Data provided =>
########

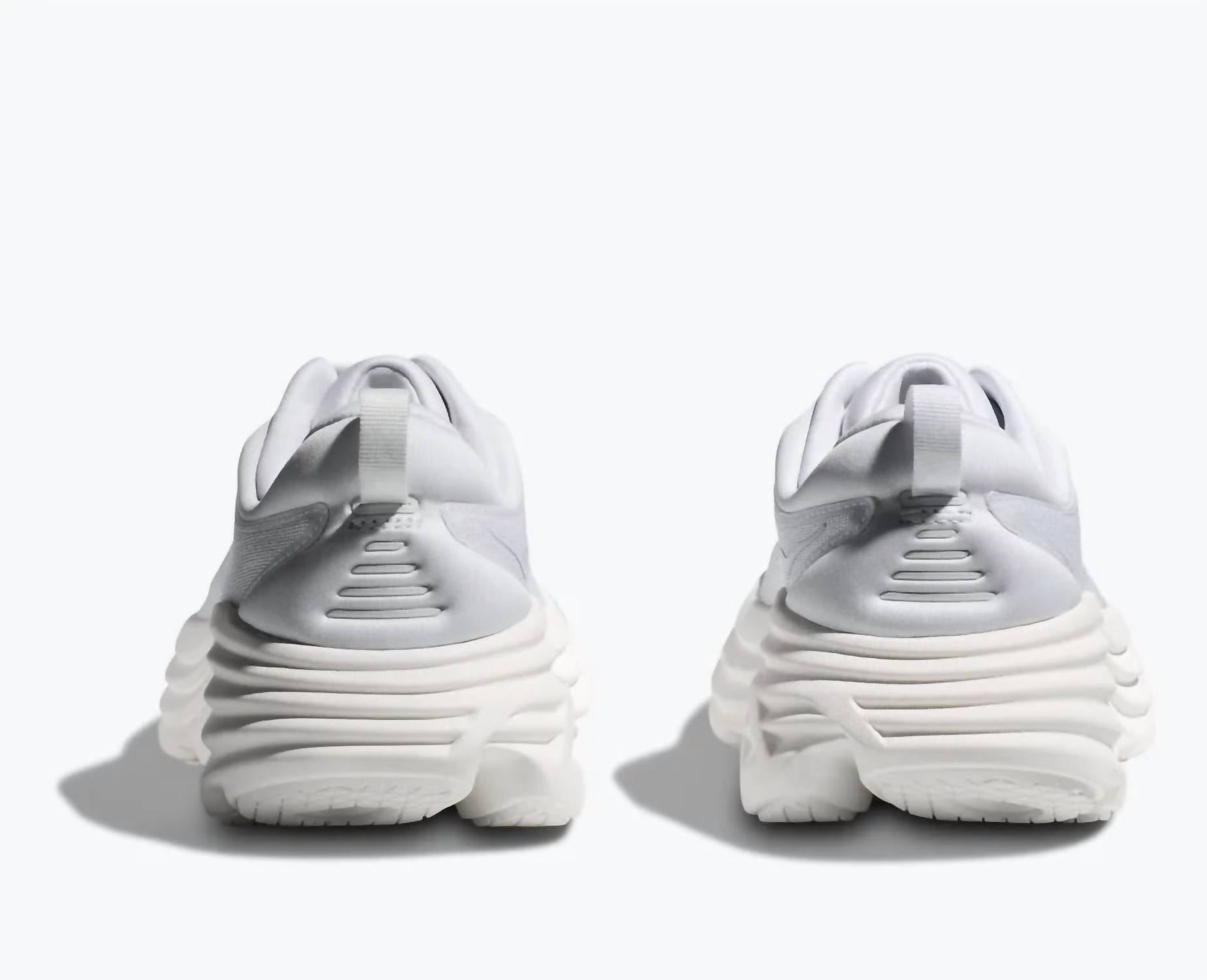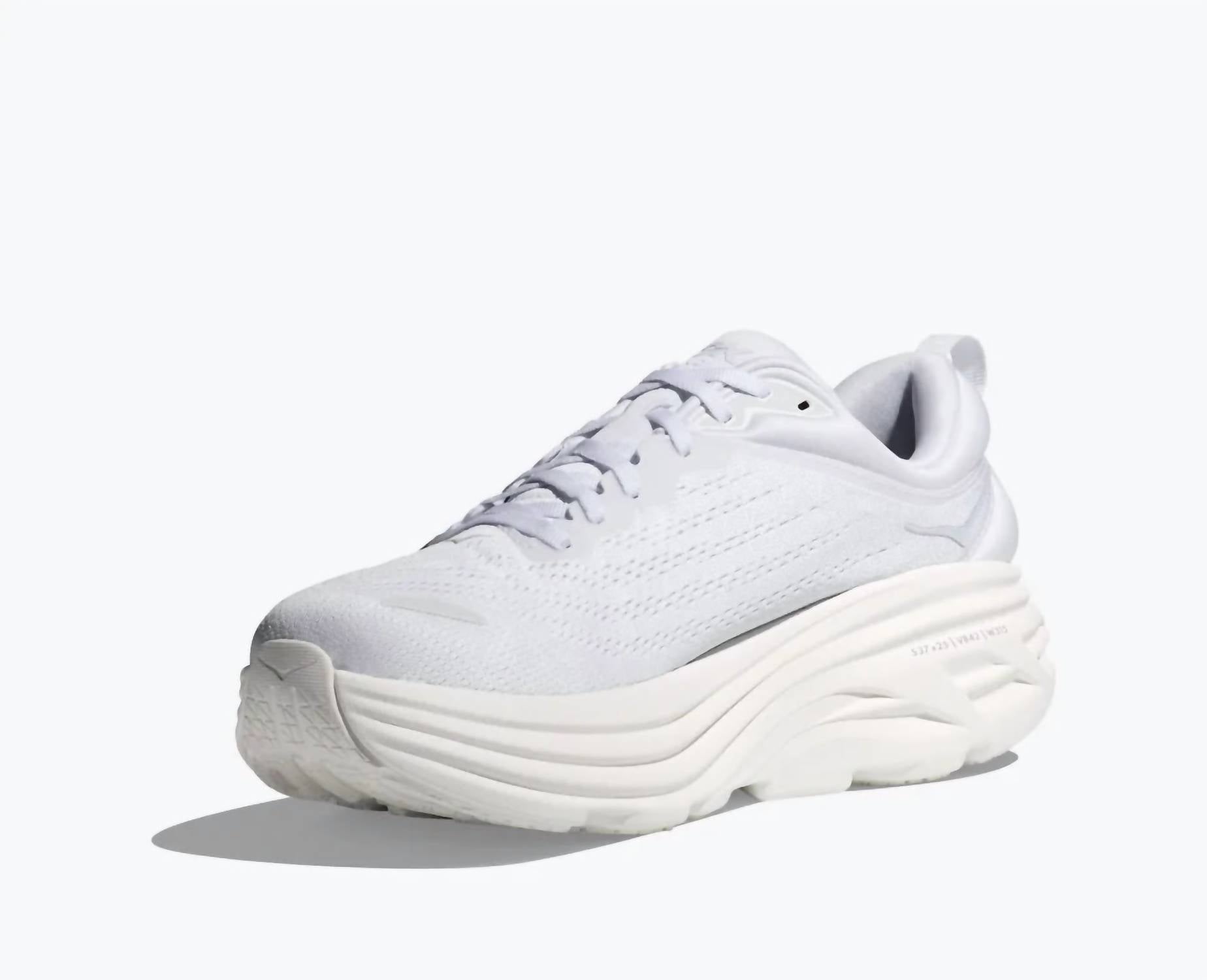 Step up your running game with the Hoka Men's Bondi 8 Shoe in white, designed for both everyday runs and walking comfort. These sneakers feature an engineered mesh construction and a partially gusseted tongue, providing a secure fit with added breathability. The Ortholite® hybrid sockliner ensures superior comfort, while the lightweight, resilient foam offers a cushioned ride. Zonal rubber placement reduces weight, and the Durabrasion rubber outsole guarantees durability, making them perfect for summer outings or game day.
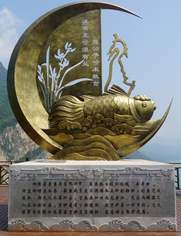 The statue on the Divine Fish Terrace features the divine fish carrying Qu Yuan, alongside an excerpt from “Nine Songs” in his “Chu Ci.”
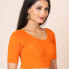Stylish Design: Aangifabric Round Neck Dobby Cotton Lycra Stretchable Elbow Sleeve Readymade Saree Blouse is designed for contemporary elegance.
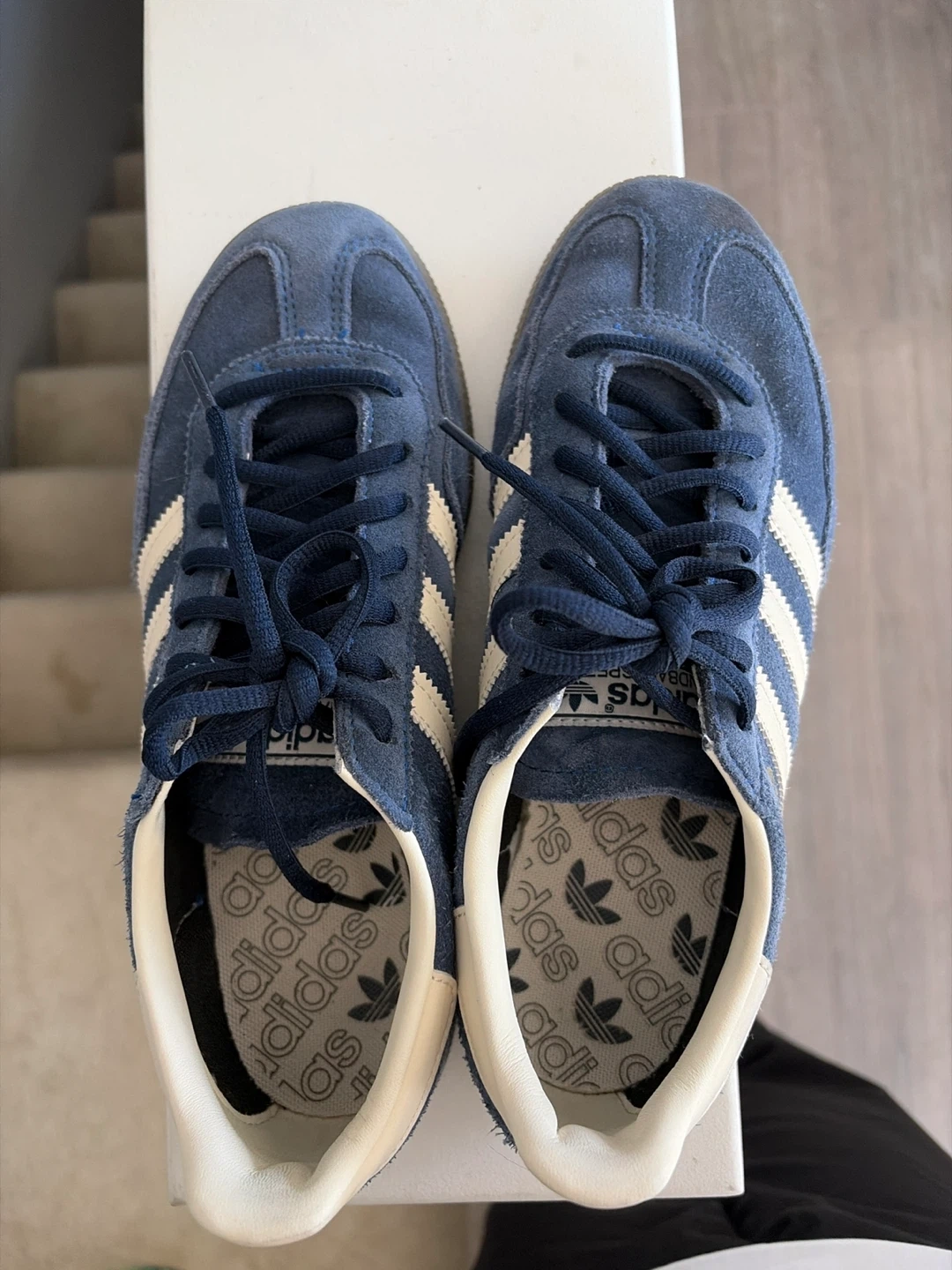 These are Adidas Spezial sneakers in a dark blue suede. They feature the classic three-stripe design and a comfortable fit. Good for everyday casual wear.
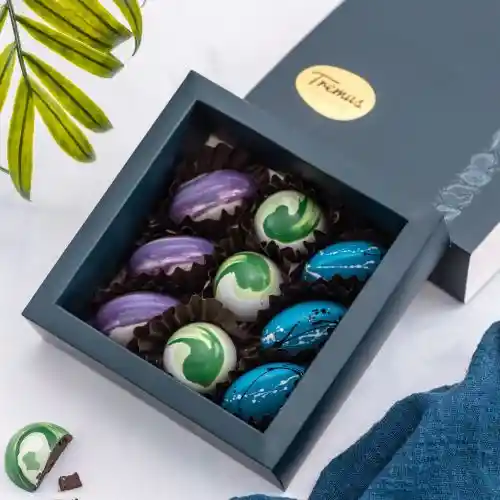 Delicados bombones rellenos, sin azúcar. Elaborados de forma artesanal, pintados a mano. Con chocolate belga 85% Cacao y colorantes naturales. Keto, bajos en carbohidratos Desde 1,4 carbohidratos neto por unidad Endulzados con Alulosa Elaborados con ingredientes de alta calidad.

########

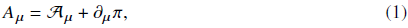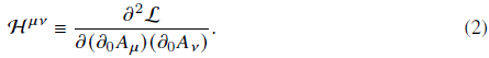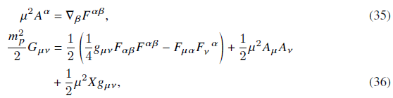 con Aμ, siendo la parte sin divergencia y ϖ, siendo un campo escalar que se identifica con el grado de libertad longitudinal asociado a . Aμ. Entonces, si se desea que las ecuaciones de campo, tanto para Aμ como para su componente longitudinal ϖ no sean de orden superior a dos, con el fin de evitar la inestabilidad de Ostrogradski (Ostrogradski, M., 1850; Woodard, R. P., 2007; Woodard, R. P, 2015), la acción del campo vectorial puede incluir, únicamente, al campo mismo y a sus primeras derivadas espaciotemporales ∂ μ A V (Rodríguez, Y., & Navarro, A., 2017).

########

Directions => Range to copy from the records above: the line containing "Stylish Design: Aangifabric" to the line containing "Delicados bombones rellenos, sin", both included. Output those lines exactly and only those, skipping pictures.

Problem solution =>
Stylish Design: Aangifabric Round Neck Dobby Cotton Lycra Stretchable Elbow Sleeve Readymade Saree Blouse is designed for contemporary elegance.
 These are Adidas Spezial sneakers in a dark blue suede. They feature the classic three-stripe design and a comfortable fit. Good for everyday casual wear.
 Delicados bombones rellenos, sin azúcar. Elaborados de forma artesanal, pintados a mano. Con chocolate belga 85% Cacao y colorantes naturales. Keto, bajos en carbohidratos Desde 1,4 carbohidratos neto por unidad Endulzados con Alulosa Elaborados con ingredientes de alta calidad.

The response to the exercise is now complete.